*Work to be completed*
Two lines below mark the span: the one containing "Embrace timeless elegance" and the one containing "校党委书记胡和平与新生亲切交谈。记者 苑洁". Set down both, plus every line between, exactly as they stand, and nothing else.

*Supplied data*

------

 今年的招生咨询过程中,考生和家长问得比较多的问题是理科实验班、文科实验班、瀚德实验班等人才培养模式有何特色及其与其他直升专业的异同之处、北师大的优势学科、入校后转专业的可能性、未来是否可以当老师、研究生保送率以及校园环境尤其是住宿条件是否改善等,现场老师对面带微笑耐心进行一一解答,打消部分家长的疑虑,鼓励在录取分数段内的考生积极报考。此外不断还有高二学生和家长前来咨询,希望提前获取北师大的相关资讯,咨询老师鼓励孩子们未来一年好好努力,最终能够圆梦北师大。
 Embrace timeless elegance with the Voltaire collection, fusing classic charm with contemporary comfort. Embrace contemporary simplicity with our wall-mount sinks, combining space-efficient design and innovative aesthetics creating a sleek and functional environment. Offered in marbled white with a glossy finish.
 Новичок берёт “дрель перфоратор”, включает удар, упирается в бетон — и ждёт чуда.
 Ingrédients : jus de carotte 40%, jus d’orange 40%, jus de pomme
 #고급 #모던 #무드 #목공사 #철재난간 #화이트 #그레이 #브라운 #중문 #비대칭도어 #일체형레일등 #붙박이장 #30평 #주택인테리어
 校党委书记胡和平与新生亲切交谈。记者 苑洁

------

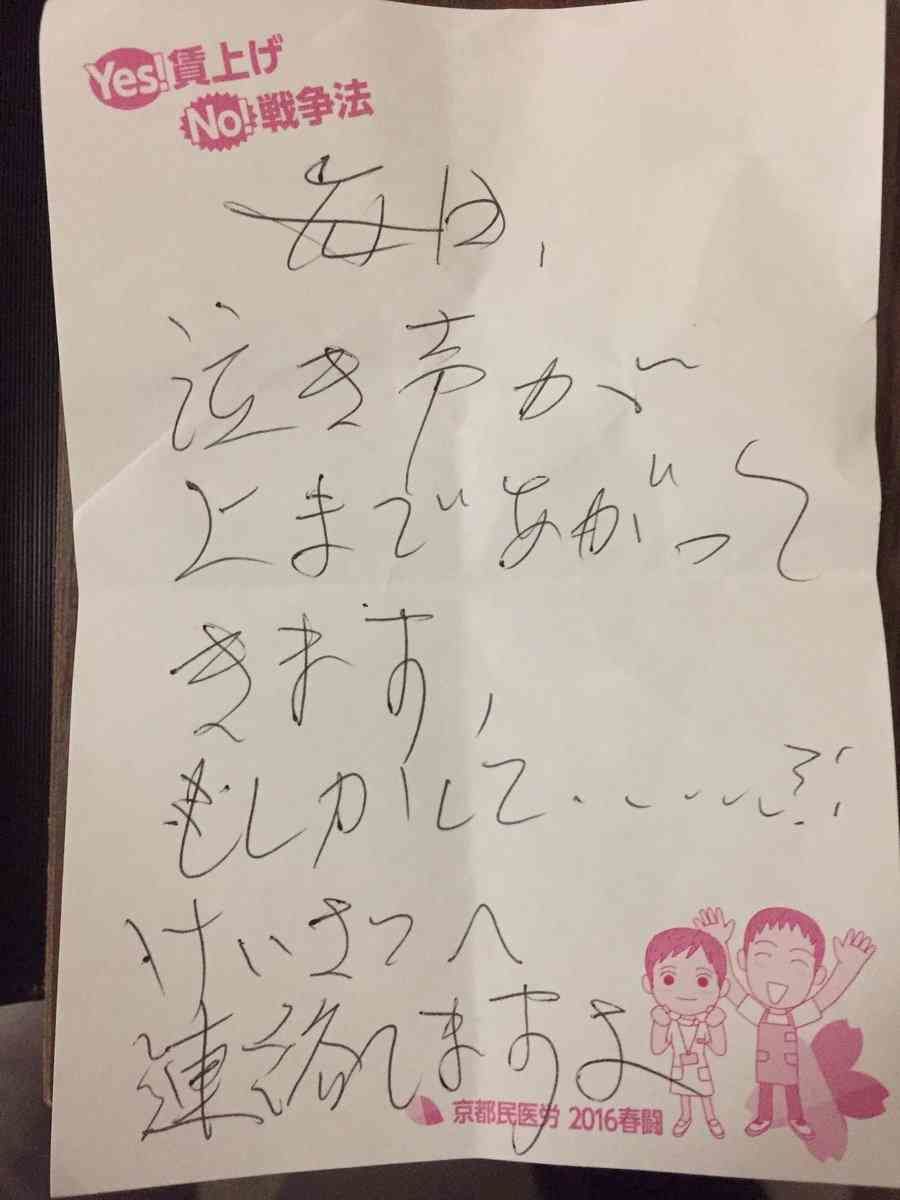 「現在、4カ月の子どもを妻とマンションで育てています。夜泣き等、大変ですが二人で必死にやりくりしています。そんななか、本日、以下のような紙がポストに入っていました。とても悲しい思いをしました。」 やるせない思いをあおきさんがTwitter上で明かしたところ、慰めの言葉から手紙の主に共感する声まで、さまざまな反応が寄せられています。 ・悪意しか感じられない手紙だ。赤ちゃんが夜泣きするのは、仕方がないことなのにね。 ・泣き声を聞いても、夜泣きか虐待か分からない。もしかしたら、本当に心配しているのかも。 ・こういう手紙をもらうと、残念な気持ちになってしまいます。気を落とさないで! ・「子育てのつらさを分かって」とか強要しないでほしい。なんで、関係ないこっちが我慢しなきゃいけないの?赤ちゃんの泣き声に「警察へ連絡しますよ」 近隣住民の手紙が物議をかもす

------

*Expected answer*
 Embrace timeless elegance with the Voltaire collection, fusing classic charm with contemporary comfort. Embrace contemporary simplicity with our wall-mount sinks, combining space-efficient design and innovative aesthetics creating a sleek and functional environment. Offered in marbled white with a glossy finish.
 Новичок берёт “дрель перфоратор”, включает удар, упирается в бетон — и ждёт чуда.
 Ingrédients : jus de carotte 40%, jus d’orange 40%, jus de pomme
 #고급 #모던 #무드 #목공사 #철재난간 #화이트 #그레이 #브라운 #중문 #비대칭도어 #일체형레일등 #붙박이장 #30평 #주택인테리어
 校党委书记胡和平与新生亲切交谈。记者 苑洁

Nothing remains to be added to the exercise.